Collected material START

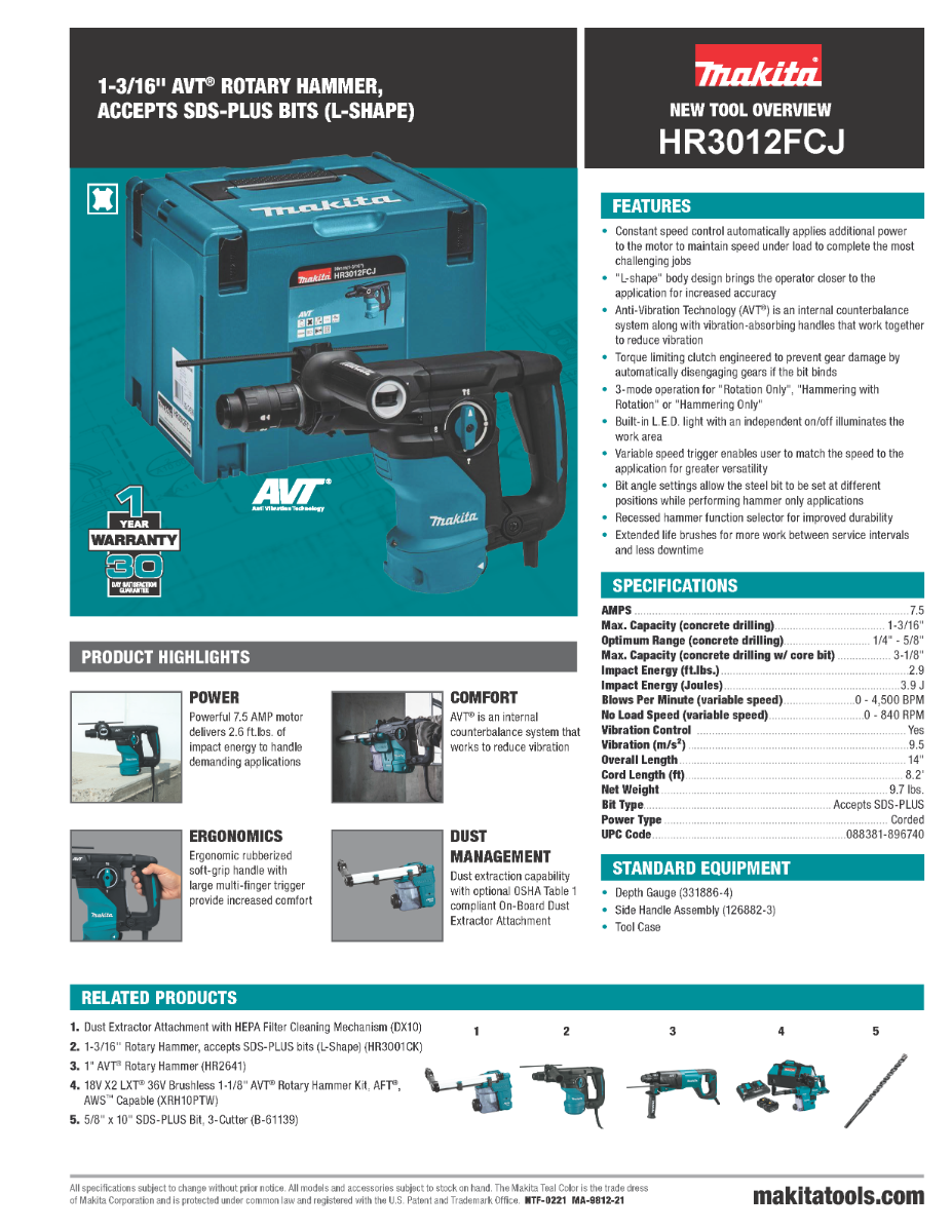 The 1-3/16” AVT® Rotary Hammer (HR3012FCJ) is engineered is engineered with Anti-Vibration Technology (AVT®), an internal counterbalance system for significantly less vibration. The HR3012FCJ combines performance and power with less vibration and is ideal for a range of applications.The quick-change chuck allows the user to switch from SDS-PLUS bits to ½” keyless chuck to utilize straight shank bits.
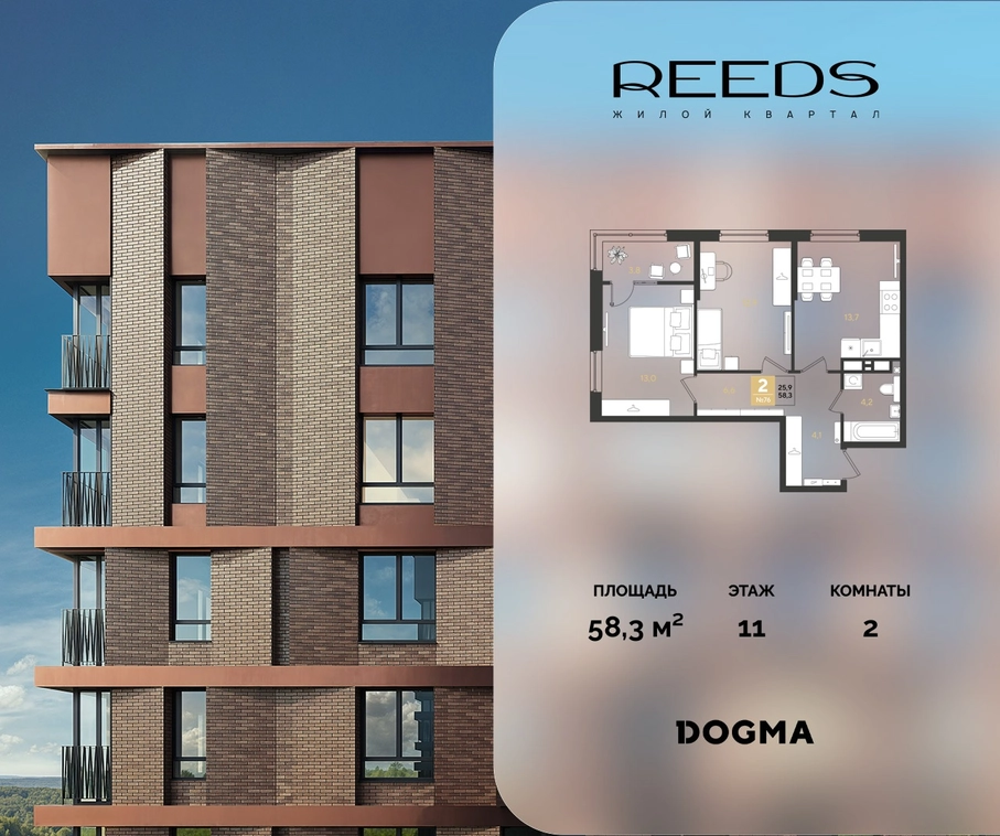 В продаже 2-комнатная квартира от застройщика DOGMA!ЖК REEDS, г. Краснодар, Литер 5
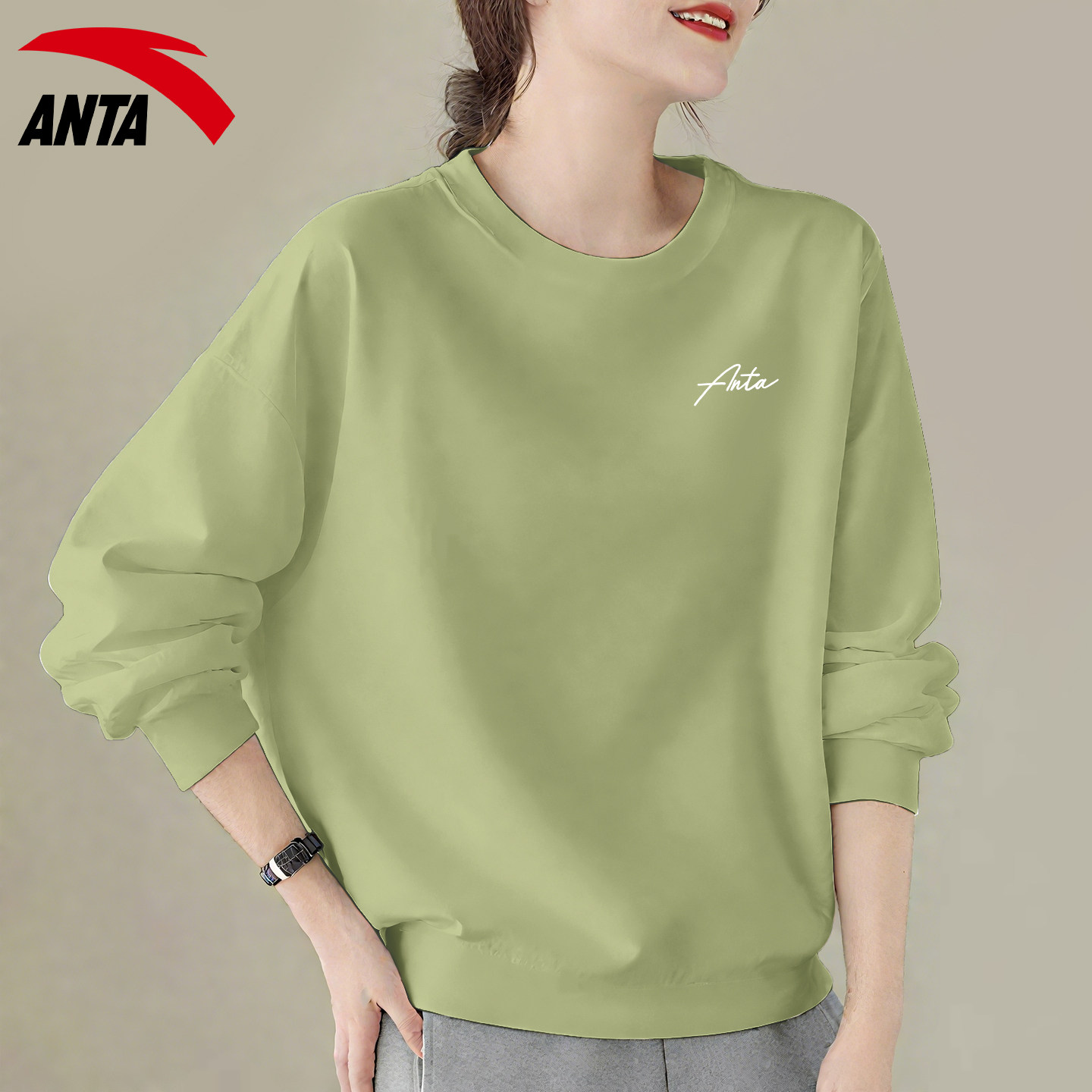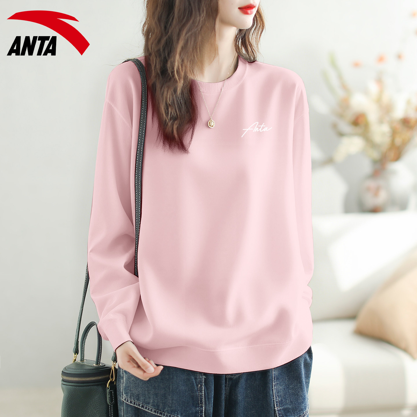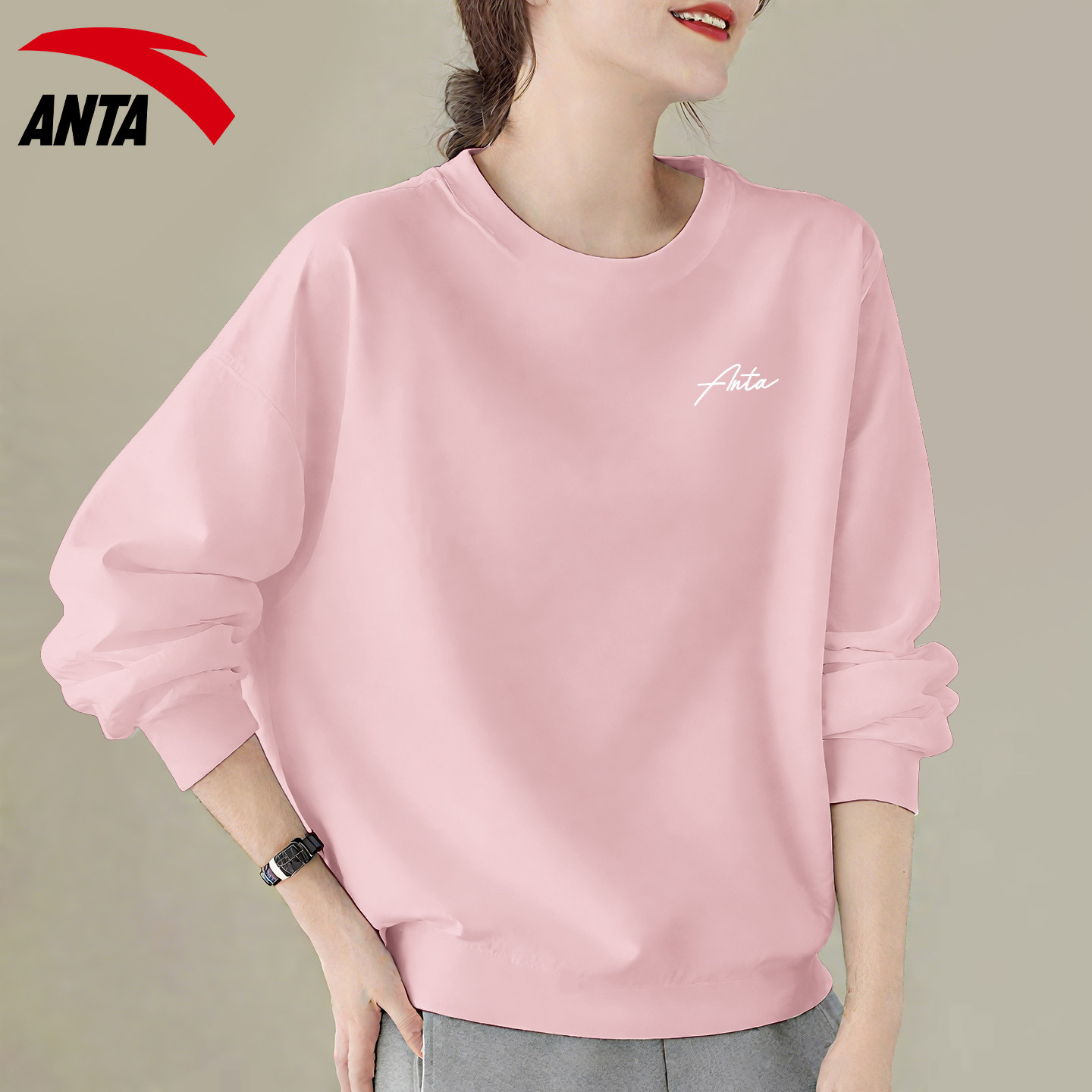 安踏卫衣女粉色学生显白正肩显瘦宽松2026春季新款圆领长袖打底衫

Collected material END

▶ Exercise goal
Since the pictures are not wanted, repeat only the rest of the material, exactly as given.

▶ Written response
 The 1-3/16” AVT® Rotary Hammer (HR3012FCJ) is engineered is engineered with Anti-Vibration Technology (AVT®), an internal counterbalance system for significantly less vibration. The HR3012FCJ combines performance and power with less vibration and is ideal for a range of applications.The quick-change chuck allows the user to switch from SDS-PLUS bits to ½” keyless chuck to utilize straight shank bits.
 В продаже 2-комнатная квартира от застройщика DOGMA!ЖК REEDS, г. Краснодар, Литер 5
 安踏卫衣女粉色学生显白正肩显瘦宽松2026春季新款圆领长袖打底衫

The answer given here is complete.